My ex husband reposted my daughters photo on social media and tagged himself out as with them, lots of comments, likes - truth of it is he hasn't bothered with them for 2 years and if the people commenting still believe everything he says I have little time to be trying to correct their perception. My dds both know, doesn't make it right though I know

pumpkinpie01 · 17/04/2021 09:00

It's so infuriating op , as you can see by all these comments you really aren't alone.My ex thought drink was more important than spending quality sundays with his dc , he would have them for 5 hours and he would have a hangover . I used to text saying they really wanted to go to such and such or they were looking forward to seeing him in the hope that that week would be different and he would take them somewhere , he very rarely did. I soon gave that up , some people will always remain selfish twats. My dd is now 19 he took her to one university open day and plastered it on fb gushing over his clever daughter. She is now in her 2nd year and he hasn't once asked her how uni is. He will text her in the early hours saying he loves her and he is sorry he is such a shit dad ( he is drunk )then he does nothing to change his ways. It's sad and I feel sorry for her .

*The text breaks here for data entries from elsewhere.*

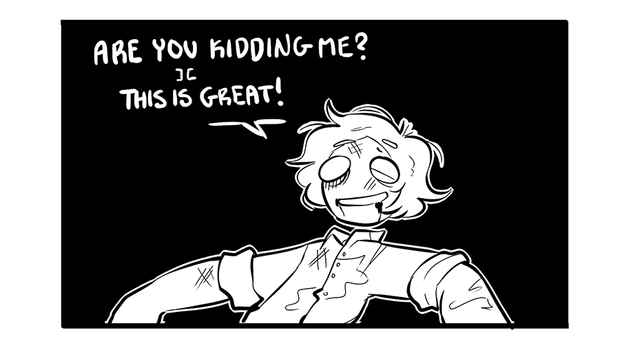 You fool! We need to squeeze every comic idea out of Jim BEFORE you kill him, follow the plan!
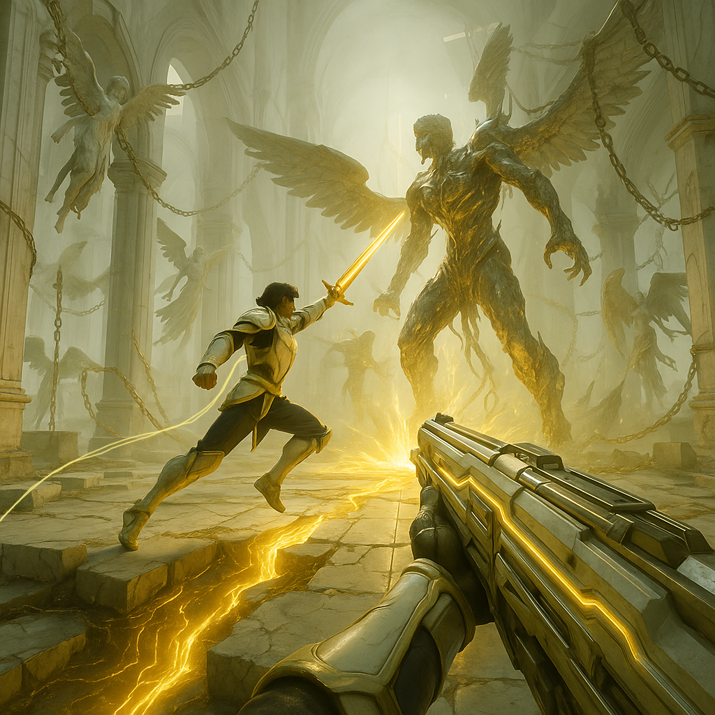 Guided by Elior’s lingering spirit, Vesper sets out for a distant, crumbling church said to house a portal to Heaven. There, he will wage war against angels, unravel sacred lies, and confront God to reopen the Gates of Heaven and reclaim the souls He has forsaken.
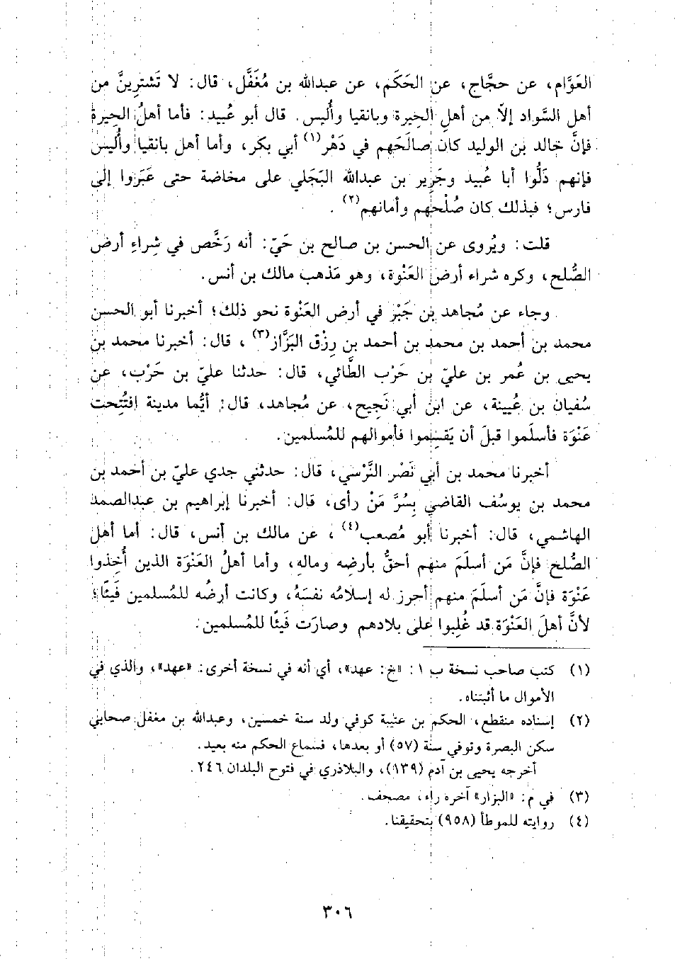 الْعَوَّامِ، عَنْ حَجَّاجٍ، عَنِ الْحَكَمِ، عَنْ عَبْدِ اللَّهِ بْنِ مُغَفَّلٍ، قَالَ: لا تَشْتَرِيَنَّ مِنْ أَهْلِ السَّوَادِ إِلا مِنْ أَهْلِ الْحِيرَةِ وَبَانِقْيَا وَأُلَيْسَ، قَالَ أَبُو عُبَيْدٍ: فَأَمَّا أَهْلُ الْحِيرَةِ فَإِنَّ خَالِدَ بْنَ الْوَلِيدِ كَانَ صَالَحَهُمْ فِي دَهْرِ أَبِي بَكْرٍ، وَأَمَّا أَهْلُ بَانِقْيَا وَأُلَيْسَ فَإِنَّهُمْ دَلُّوا أَبَا عُبَيْدٍ وَجَرِيرَ بْنَ عَبْدِ اللَّهِ الْبَجَلِيَّ عَلَى مَخَاضَةٍ حَتَّى عَبَرُوا إِلَى فَارِسَ، فَبِذَلِكَ كَانَ صُلْحُهُمْ وَأَمَانُهُمْ قلت: ويروى عَنِ الْحَسَن بْن صالح بْن حي: إنه رخص في شراء أرض الصلح وكره شراء أرض العنوة، وهو مذهب مالك بْن أنس.
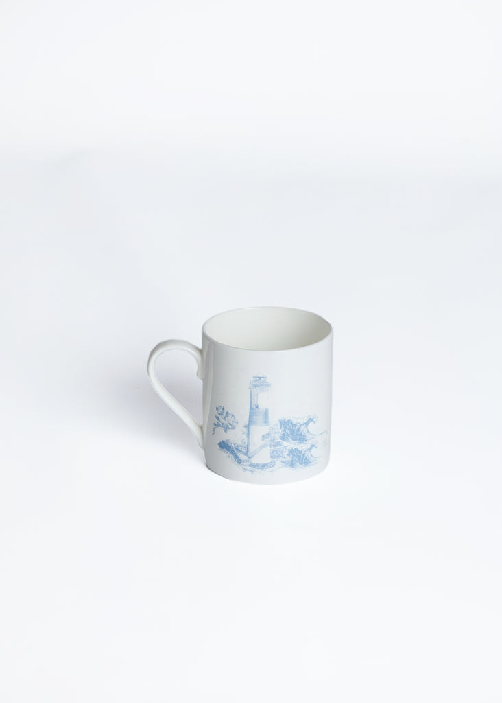 The Foxford Lighthouse Mug print was designed in collaboration with designer Ruth Gallagher. It features hand-drawn illustrations of iconic symbols from the Wild Atlantic Way.  The timeless printed design is presented in ocean blues, capturing the essence of this stunning coastal region. Experience the extraordinary beauty of Ireland's iconic landscape.
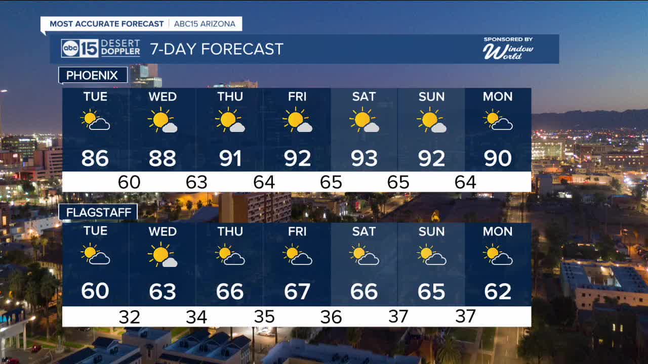 It's not just a one and done day in the 90s, either. Phoenix could hit the 90s 5 days in a row, starting Thursday and continuing through next Monday.
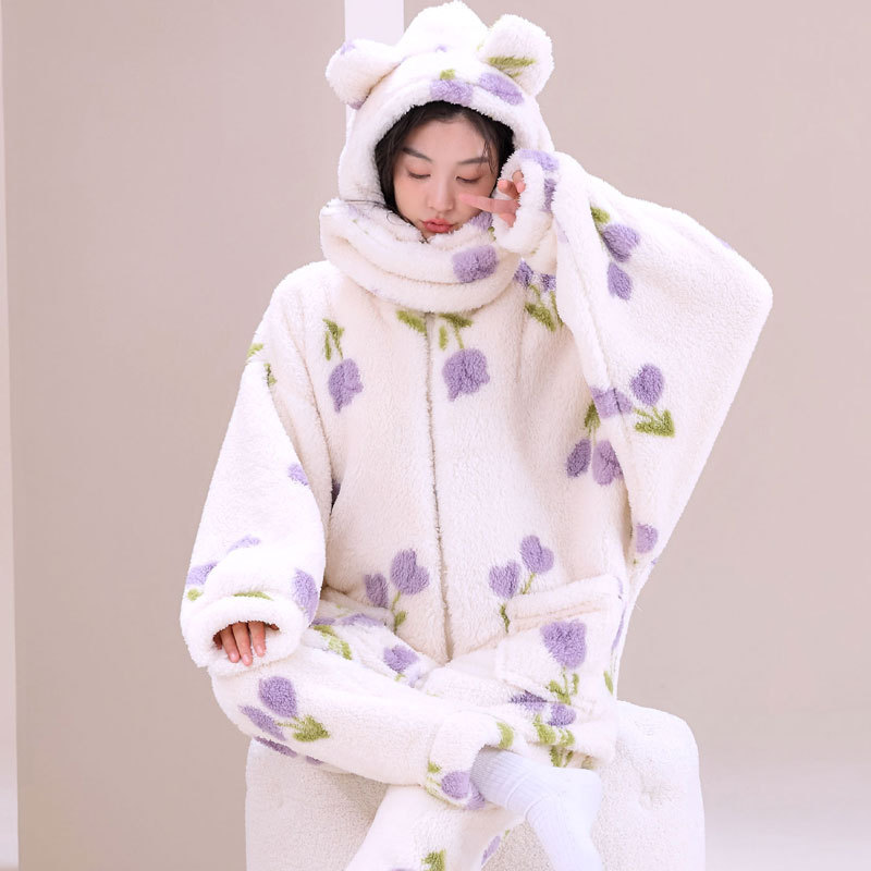 パジャマの女性のサンゴの毛の寝衣の女子学生の中で長いタイプの秋冬の玉桂の犬は厚い柔らかい妹の大きい耳の犬のパジャマの冬を厚くします。
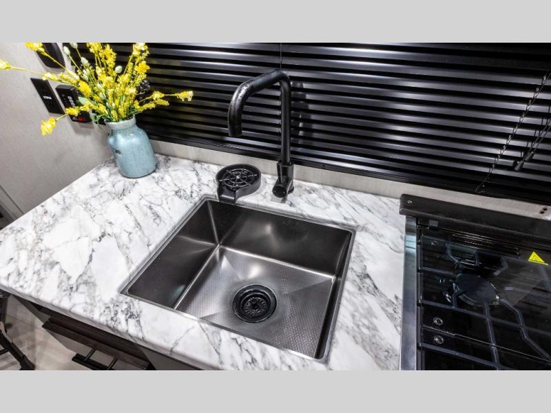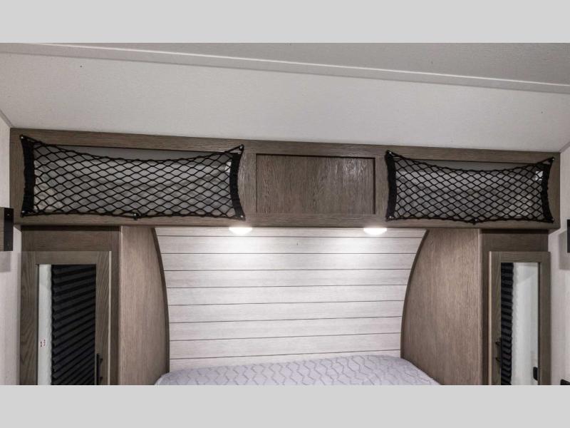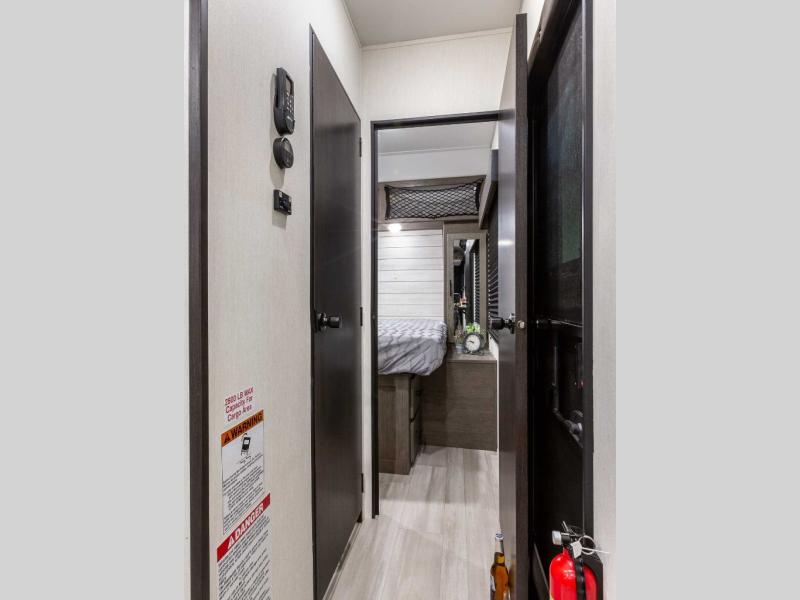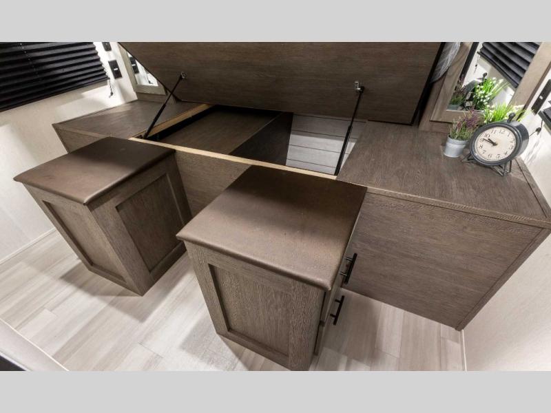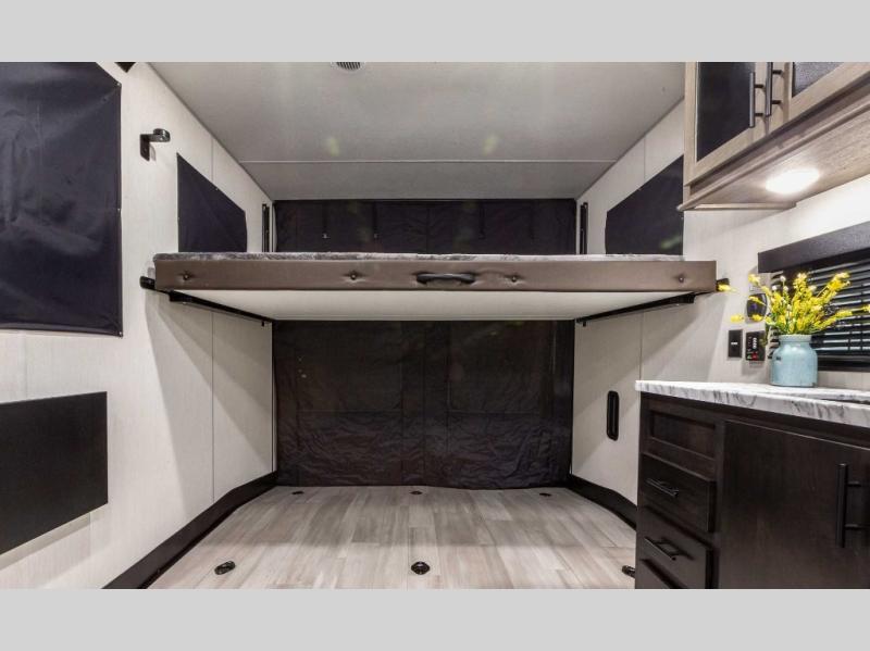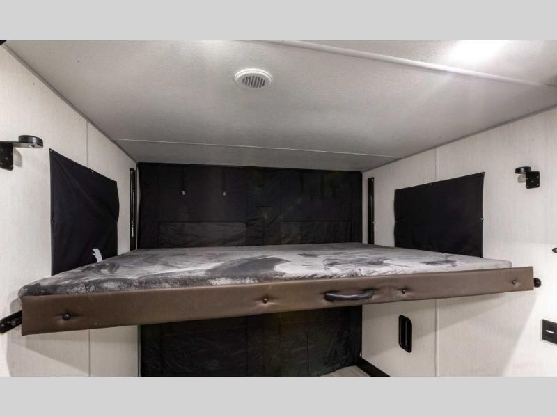 You can't go wrong when you have this toy hauler in tow! There is 14' 6" of cargo space for your toys, and an optional ramp door patio deck railing can be added if you want to turn the door into a patio. The three burner cooktop will allow you to make meals each day, and the flip-up counter with stools provides a place to dine at. You could also take your plate outdoors to eat under the 18' power awning with LED accent lighting. You'll sleep great each night on the RV king bed in the front bedroom, while your guests take the quick set bed system in the garage!

paintedpanda · 17/04/2021 09:06

You're not alone OP. My exH doesn't see our DC much at all. He won't take them to his house (they haven't even seen the street he lives on, let alone inside his actual home) so, other than special occasions (their birthdays and Christmas), they get picked up to go play mini golf and a McDonald's, but it's twice a year at most. He saw them twice last year for a grand total of about 6 hours (and all but about 3 minutes were on the same day).
They're the nicest kids and he takes so much credit for it. People congratulate him on a job well done for how polite and well behaved they are, how well they do at school. It's infuriating. My only hope is that when they get older they will realise what's going on. My eldest is getting there but I feel it will take much longer for my youngest.